• **TASK ITEM**
All that should be output is the block of lines below from the line with "Très beau cheminement" to the line with "Stainless Steel 2-Tier", both included, exactly as written.

━━━━━ DATA UNDER STUDY ━━━━━

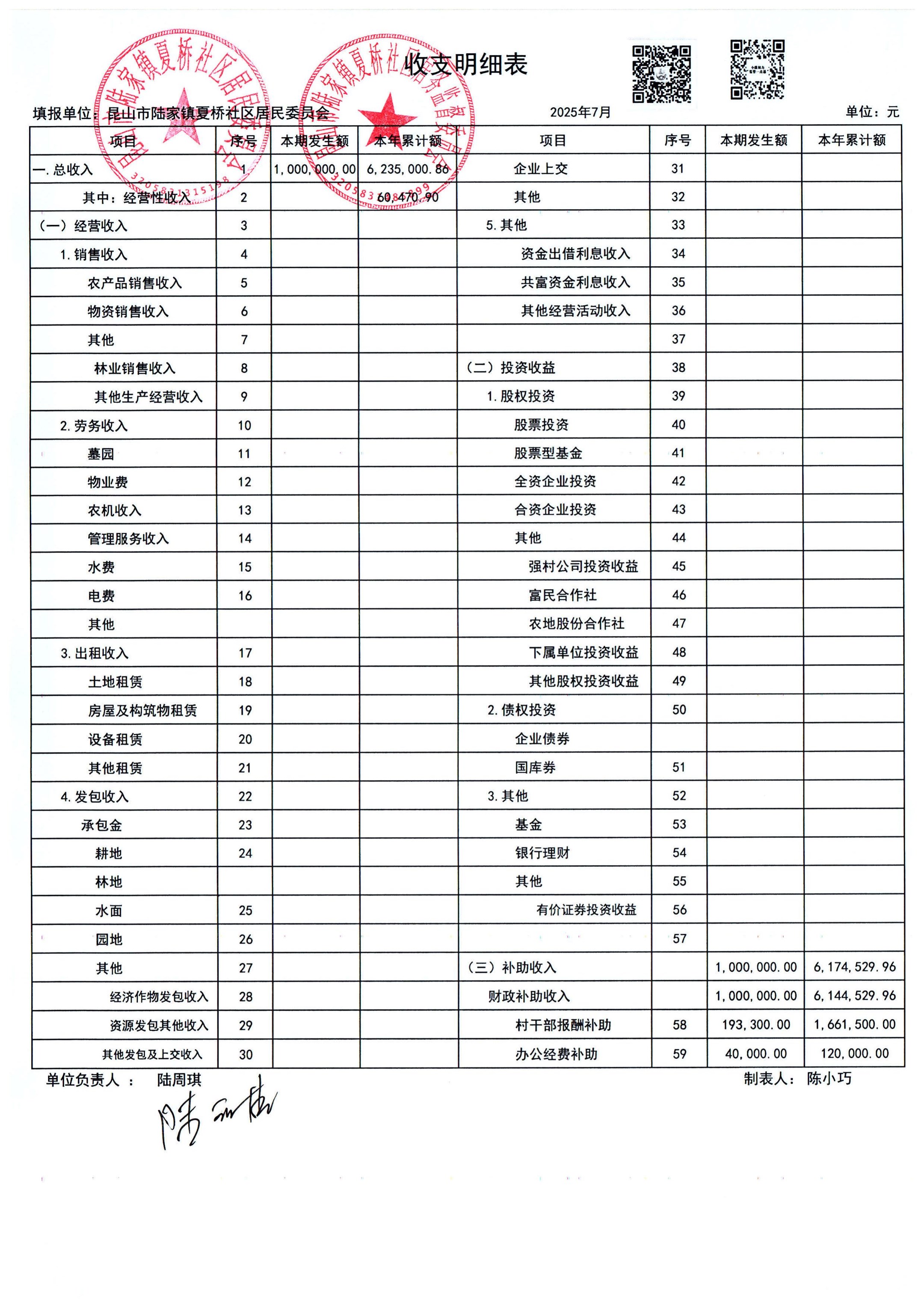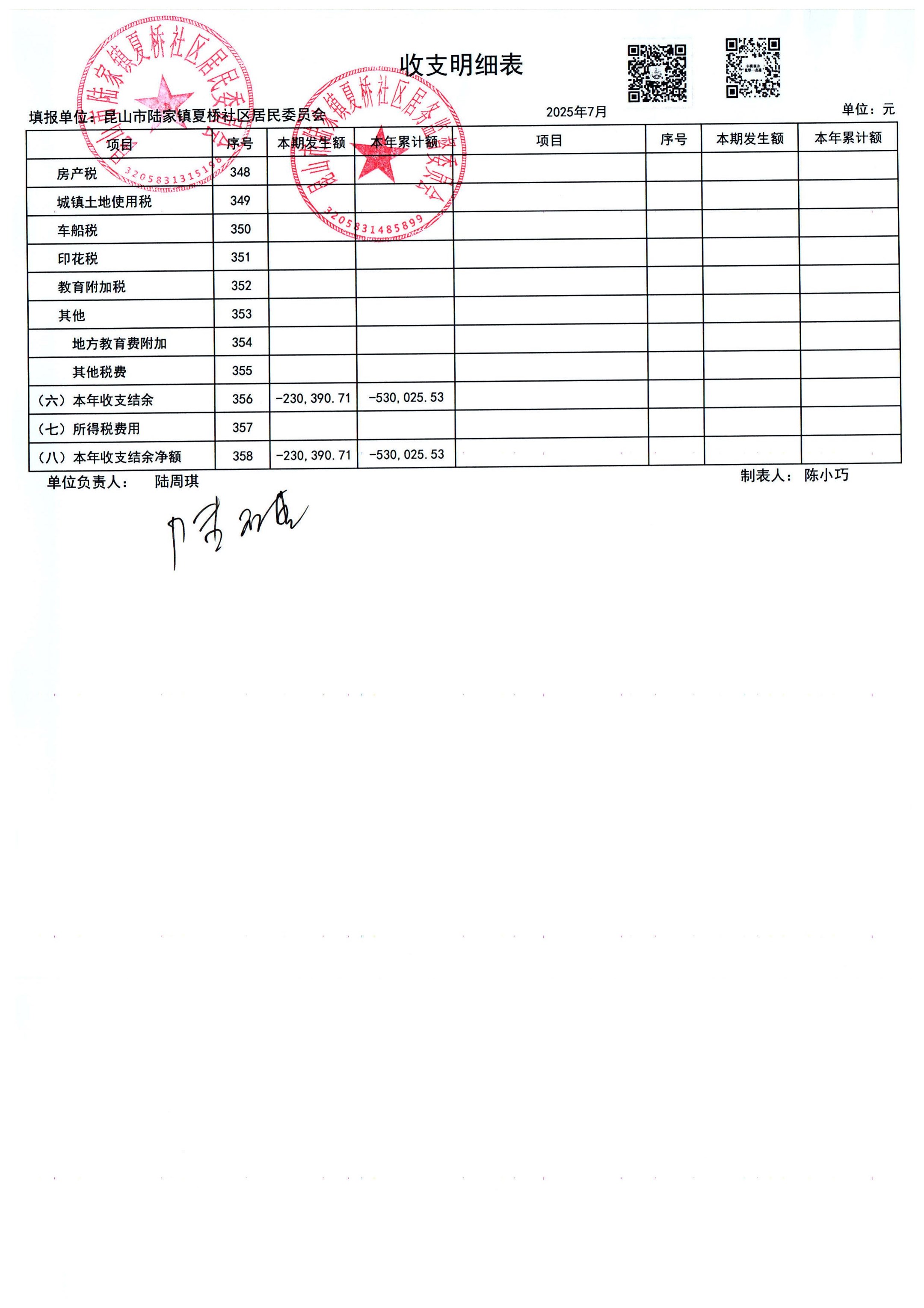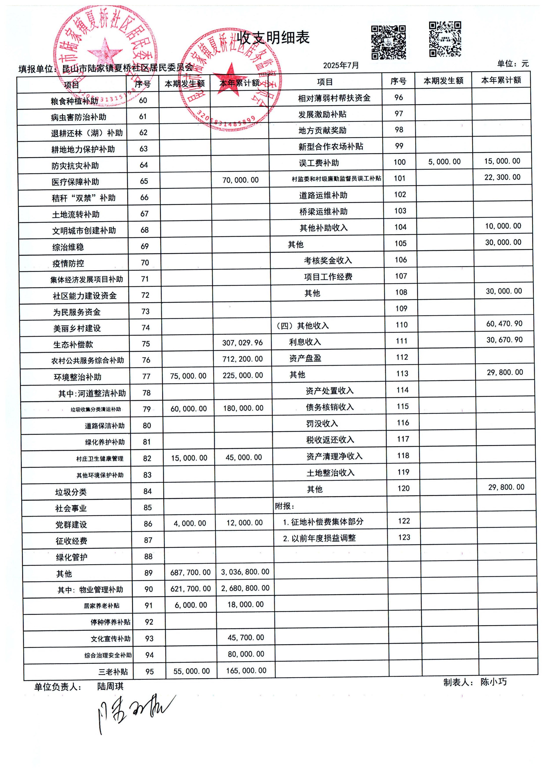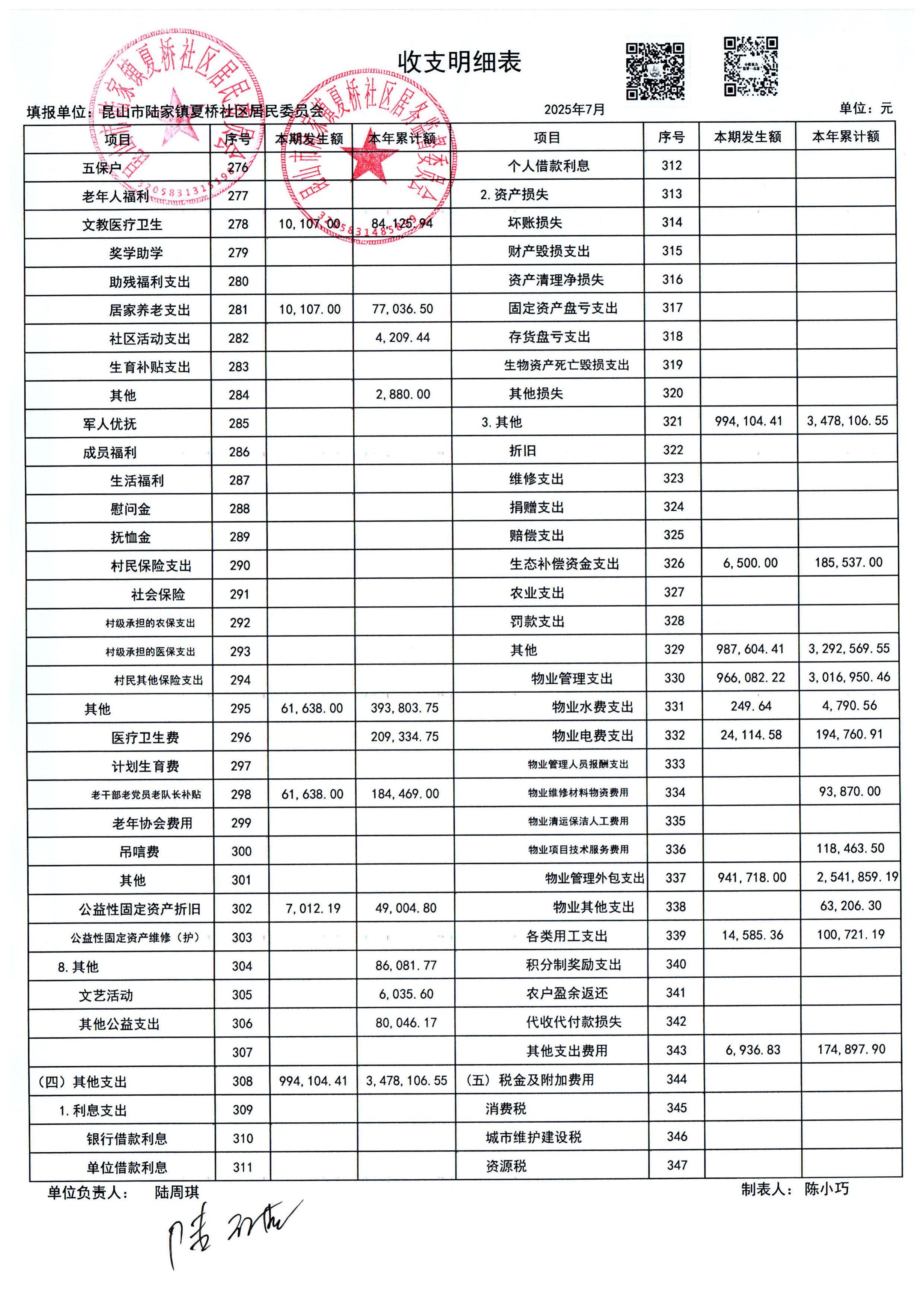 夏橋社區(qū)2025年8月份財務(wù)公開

━━━━━
━━━━━ DATA UNDER STUDY ━━━━━

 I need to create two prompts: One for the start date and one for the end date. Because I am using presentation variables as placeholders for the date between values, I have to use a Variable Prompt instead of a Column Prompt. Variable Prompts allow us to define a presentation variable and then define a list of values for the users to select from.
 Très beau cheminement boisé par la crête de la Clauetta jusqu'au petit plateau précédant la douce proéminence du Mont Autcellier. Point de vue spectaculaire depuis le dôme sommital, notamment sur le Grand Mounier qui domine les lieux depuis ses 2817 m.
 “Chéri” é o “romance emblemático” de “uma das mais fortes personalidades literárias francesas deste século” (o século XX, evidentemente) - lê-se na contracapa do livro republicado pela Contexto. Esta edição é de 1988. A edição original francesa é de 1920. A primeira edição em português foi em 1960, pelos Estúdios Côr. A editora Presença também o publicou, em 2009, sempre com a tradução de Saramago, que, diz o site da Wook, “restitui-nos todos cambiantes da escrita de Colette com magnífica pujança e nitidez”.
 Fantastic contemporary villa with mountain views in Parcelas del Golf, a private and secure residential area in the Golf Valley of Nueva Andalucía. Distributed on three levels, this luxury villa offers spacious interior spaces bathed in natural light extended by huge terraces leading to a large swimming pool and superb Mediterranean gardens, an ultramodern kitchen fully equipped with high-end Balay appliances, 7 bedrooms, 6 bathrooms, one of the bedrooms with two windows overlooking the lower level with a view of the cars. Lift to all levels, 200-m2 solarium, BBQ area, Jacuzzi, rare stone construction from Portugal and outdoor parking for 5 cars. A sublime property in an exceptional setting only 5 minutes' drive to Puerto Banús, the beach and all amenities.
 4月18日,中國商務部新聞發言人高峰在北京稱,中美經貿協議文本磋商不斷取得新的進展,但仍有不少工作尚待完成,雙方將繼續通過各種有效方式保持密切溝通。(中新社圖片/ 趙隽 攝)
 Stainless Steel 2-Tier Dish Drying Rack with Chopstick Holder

━━━━━
━━━━━ DATA UNDER STUDY ━━━━━

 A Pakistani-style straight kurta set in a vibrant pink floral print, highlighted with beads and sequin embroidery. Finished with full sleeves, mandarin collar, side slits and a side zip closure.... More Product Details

━━━━━

• **ANSWER AREA**
 Très beau cheminement boisé par la crête de la Clauetta jusqu'au petit plateau précédant la douce proéminence du Mont Autcellier. Point de vue spectaculaire depuis le dôme sommital, notamment sur le Grand Mounier qui domine les lieux depuis ses 2817 m.
 “Chéri” é o “romance emblemático” de “uma das mais fortes personalidades literárias francesas deste século” (o século XX, evidentemente) - lê-se na contracapa do livro republicado pela Contexto. Esta edição é de 1988. A edição original francesa é de 1920. A primeira edição em português foi em 1960, pelos Estúdios Côr. A editora Presença também o publicou, em 2009, sempre com a tradução de Saramago, que, diz o site da Wook, “restitui-nos todos cambiantes da escrita de Colette com magnífica pujança e nitidez”.
 Fantastic contemporary villa with mountain views in Parcelas del Golf, a private and secure residential area in the Golf Valley of Nueva Andalucía. Distributed on three levels, this luxury villa offers spacious interior spaces bathed in natural light extended by huge terraces leading to a large swimming pool and superb Mediterranean gardens, an ultramodern kitchen fully equipped with high-end Balay appliances, 7 bedrooms, 6 bathrooms, one of the bedrooms with two windows overlooking the lower level with a view of the cars. Lift to all levels, 200-m2 solarium, BBQ area, Jacuzzi, rare stone construction from Portugal and outdoor parking for 5 cars. A sublime property in an exceptional setting only 5 minutes' drive to Puerto Banús, the beach and all amenities.
 4月18日,中國商務部新聞發言人高峰在北京稱,中美經貿協議文本磋商不斷取得新的進展,但仍有不少工作尚待完成,雙方將繼續通過各種有效方式保持密切溝通。(中新社圖片/ 趙隽 攝)
 Stainless Steel 2-Tier Dish Drying Rack with Chopstick Holder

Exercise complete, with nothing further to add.